Use re.findall() to find multiple patterns; in this case for anything that is preceded by #, consisting of word characters:
re.findall(r'(?<=#)\w+', inputtext)
The (?<=..) construct is a positive lookbehind assertion; it only matches if the current position is preceded by a # character. So the above pattern matches 1 or more word characters (the \w character class) only if those characters were preceded by an # symbol.
Demo:
>>> import re
>>> re.findall(r'(?<=#)\w+', 'This is #lame')
['lame']
>>> re.findall(r'(?<=#)\w+', 'This is lame')
[]
>>> re.findall(r'(?<=#)\w+', 'This is #lame but that is #not')
['lame', 'not']
If you plan on reusing the pattern, do compile the expression first, then use the .findall() method on the compiled regular expression object:
at_words = re.compile(r'(?<=#)\w+')
at_words.findall(inputtext)
This saves you a cache lookup every time you call .findall().

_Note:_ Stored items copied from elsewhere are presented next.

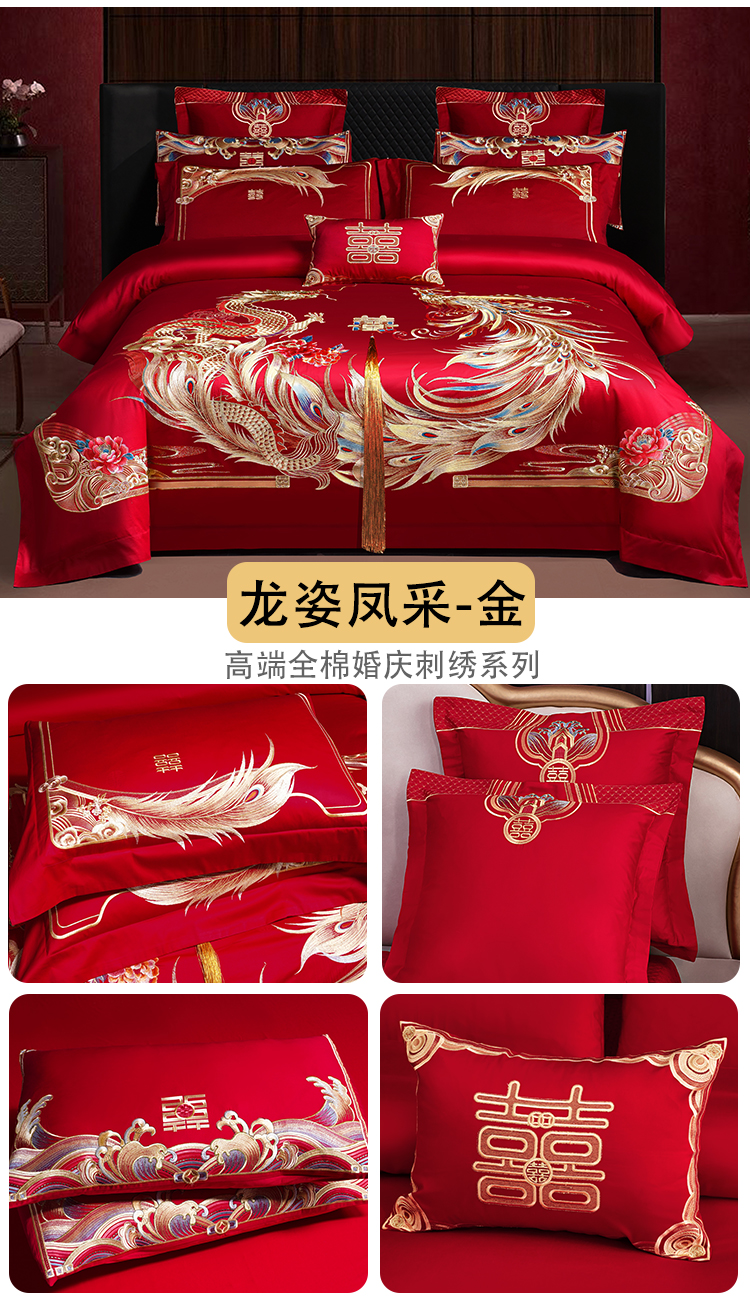 (总)芊囍纺 2025新款全棉刺绣婚庆四件套,囍多多,一生一世,九五之尊,龙凤百子,百子千禧,比翼双飞,乘龙跨凤,金龙金凤,龙姿凤采-红,龙姿凤采-金,红妆佳人,佳偶良缘,比翼双飞,皇家喜事,龙凤双喜,喜事连绵,至尊龙凤,千禧婚嫁,十里红妆,世纪之恋,喜上添花,喜事到家,新婚快乐,幸福约定红,幸福约定金,幸福喜嫁红,幸福喜嫁金,江山龙凤,金玉满堂,龙凤传情,龙凤佳人,龙凤同喜,美人龙凤,花开浪漫金
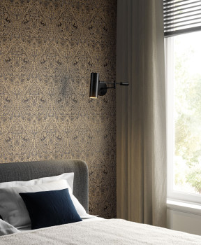 Finely textured black non-woven wallpaper - baroque damask pattern with semi-gloss bronze outlines.
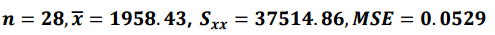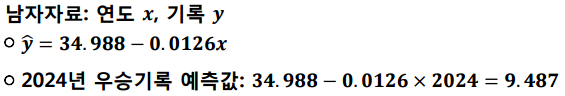 위의 남자 자료를 통해 2024년 우승기록에 대한 예측구간을 구해보겠습니다.
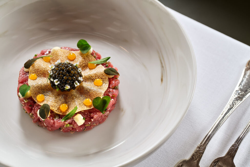 Είχε προηγηθεί το ταρτάρ μόσχου με κρόκο αυγού κονφί, μαγιονέζα αγριοράπανου, απαλή Dijonnaise, τυρί Rezzana από το ίδρυμα Τοσίτσα, χαβιάρι και ένα τραγανό πέπλο από πατάτα. Πόσο λαχτάρησα εκείνη την ‘’στακάτη’’ κάψα της μουστάρδας Dijon που θα χτυπούσε κατευθείαν τους γευστικούς κάλυκες του ουρανίσκου. Ήταν το μοναδικό μου ”γιατί” σε μια πολύ νόστιμη σύνθεση. Μια τυπική λευκή Βουργουνδία, όξινη και ορυκτή ταίριαξε τα μέγιστα με το καλοδουλεμένο κρεάτινο πρώτο πιάτο.
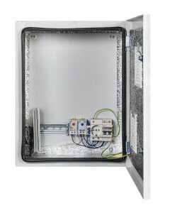 Комплектация: утеплитель из порилекса, замок 2 шт,ключ 1 шт, монтажная плата 1шт, гермовводы 2 шт (MG-25), розетка 1 шт, автоматический выключатель, 6А 1шт, клемма для подключения оборудования 2 шт, клемма заземления 1 шт, термореле 1шт, реле предстарта 1 шт, вентиляционная решётка с фильтром 2 шт, нагреватель мощностью 75 Вт 1шт.
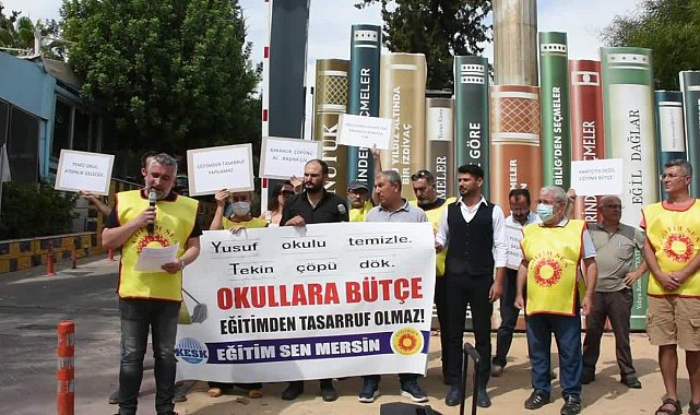 Milli Eğitim Bakanlığı’nın okulların temizlik ve güvenlik işçilerinde görev yapacak ve İşgücü Uyum Programı kapsamında istihdam edilecek işçilerin haftanın 3 günü okullarda çalışması ve 2 gün okullara temizlik işçisi verilmemesi kararına tepkiler sürüyor. Eğitim- Sen Mersin Şubesi üyeleri, Mersin İl Milli Eğitim Müdürlüğü önünde tüm okullara tam zamanlı temizlik ve güvenlik personeli verilmesini talebiyle eylem yaptı. Eylemde, 'Yusuf okulu temizle', 'Tekin çöpü dök', 'Okullara bütçe, eğitimden tasarruf olmaz' yazılı pankartlar açıldı.
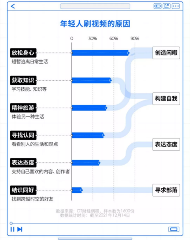 这也与当代年轻用户对视频内容的需求变化息息相关。2021年年末,腾讯视频联合DT财经、第一财经商业数据中心发布的腾讯视频年度报告显示,1600名接受调研的年轻人中,有超过5成受众希望可以借助视频获取知识、满足精神需求。此外,表达态度、寻求部落也是年轻人希望借助视频所实现的。
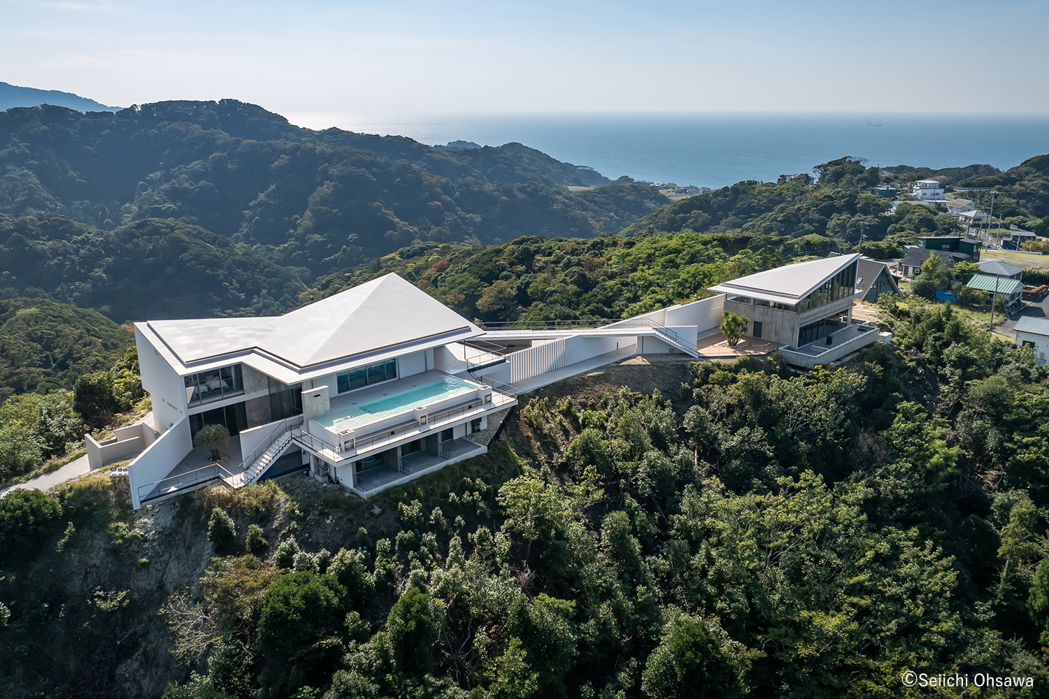 本計画は山の頂上に位置し、周囲を海と山と空に360゚囲われた場所に建つ、別荘兼一棟貸しの宿泊施設である。
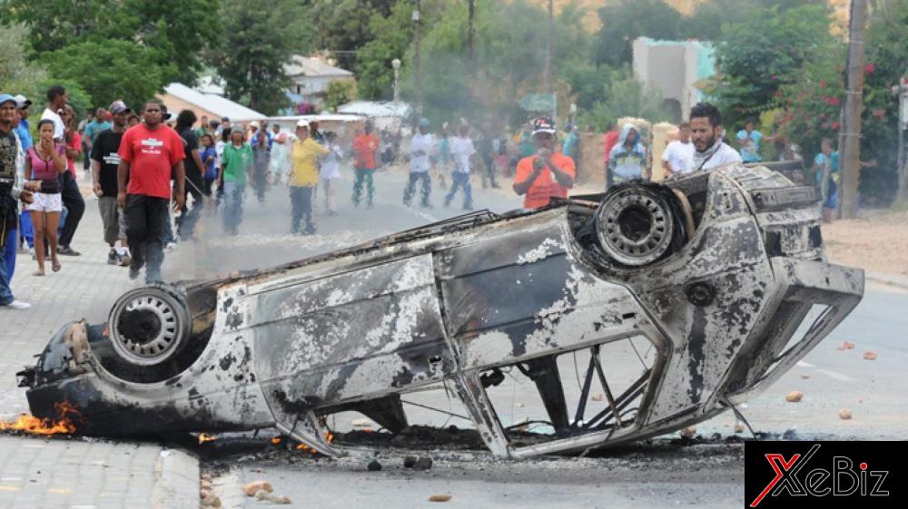 Một chiếc xe bị lật úp, cháy thành tro trên đường phố Cape Town, Nam Phi
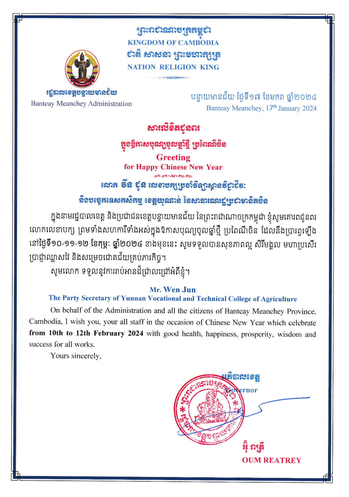 值此中國2024年傳統春節即將到來之際,我代表柬埔寨王國班迭棉吉省政府和班迭棉吉省全體人民,向書記先生和學院全體教職員工致以節日的問候!祝您們新春快樂,身體健康,萬事如意!
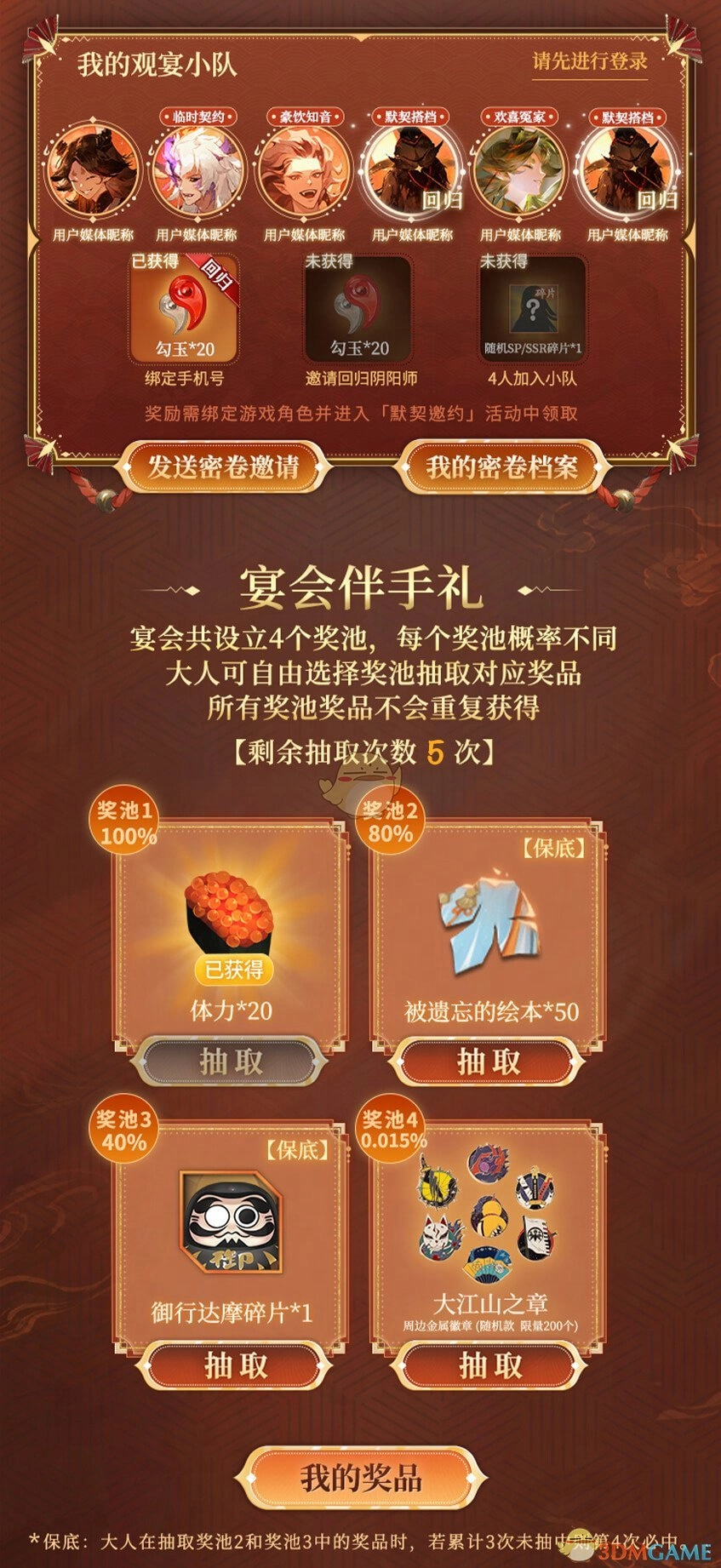 ※ “宴会伴手礼”抽奖池包含:体力×20、被遗忘的绘本×50、御行达摩碎片×1,以及大江山之章 - 周边金属徽章(随机款式,限量200个)
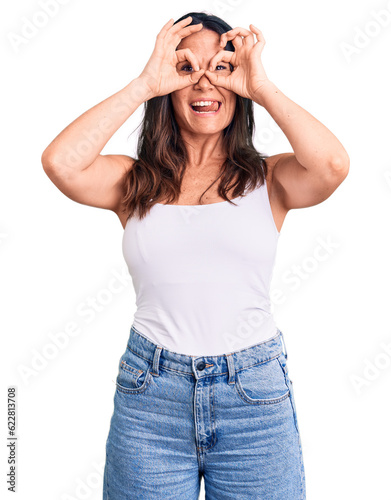 Young beautiful brunette woman wearing casual sleeveless t-shirt doing ok gesture like binoculars sticking tongue out, eyes looking through fingers. crazy expression.
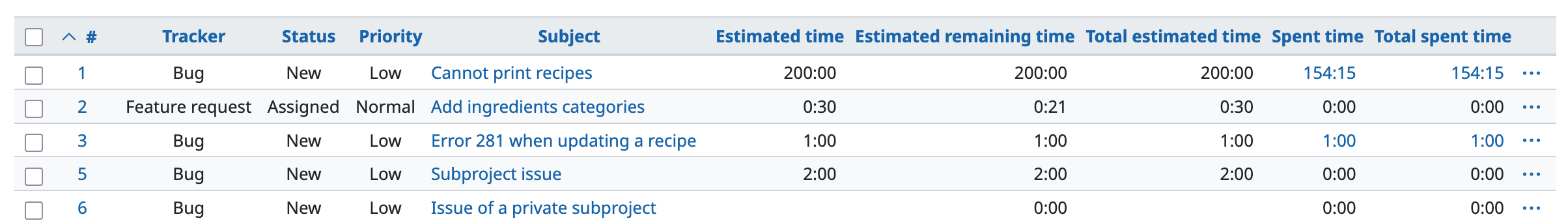 The attached patch changes the alignment of all time‑tracking columns in the issues list to right‑aligned (e.g., Estimated time, Spent time).
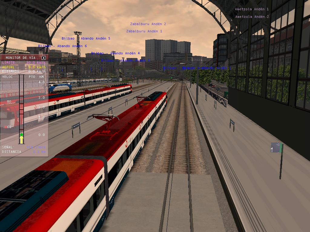 Te digo casi todo porque en la estación de Olabeaga observé que la marquesina del andén se incrusta en los trenes y los coches de la carretera paralela se ven volando desde la cabina de la 447, aunque la carretera está puesta ya que utilicé la vista 2 mientras estaba haciendo la parada.
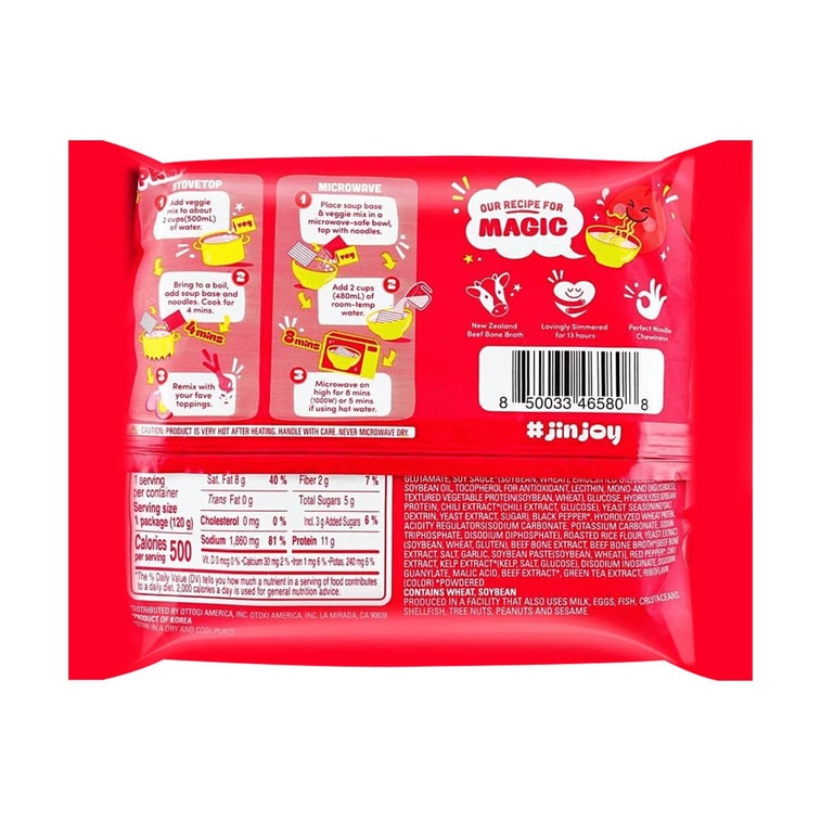 【밸류팩】진라면 - 한국식 인스턴트 라면, 매운맛, 6팩* 4.23oz

You should use re lib here is an example:
import re
test case = "This is #lame but that is #not"
regular = re.compile("#[\w]*")
lst= regular.findall(test case)
This will give the output you requested:
import re
regex = re.compile(r'(?<=#)\w+')
print regex.findall('This is #lame')
print regex.findall('This is lame')
print regex.findall('This is #lame but that is #not')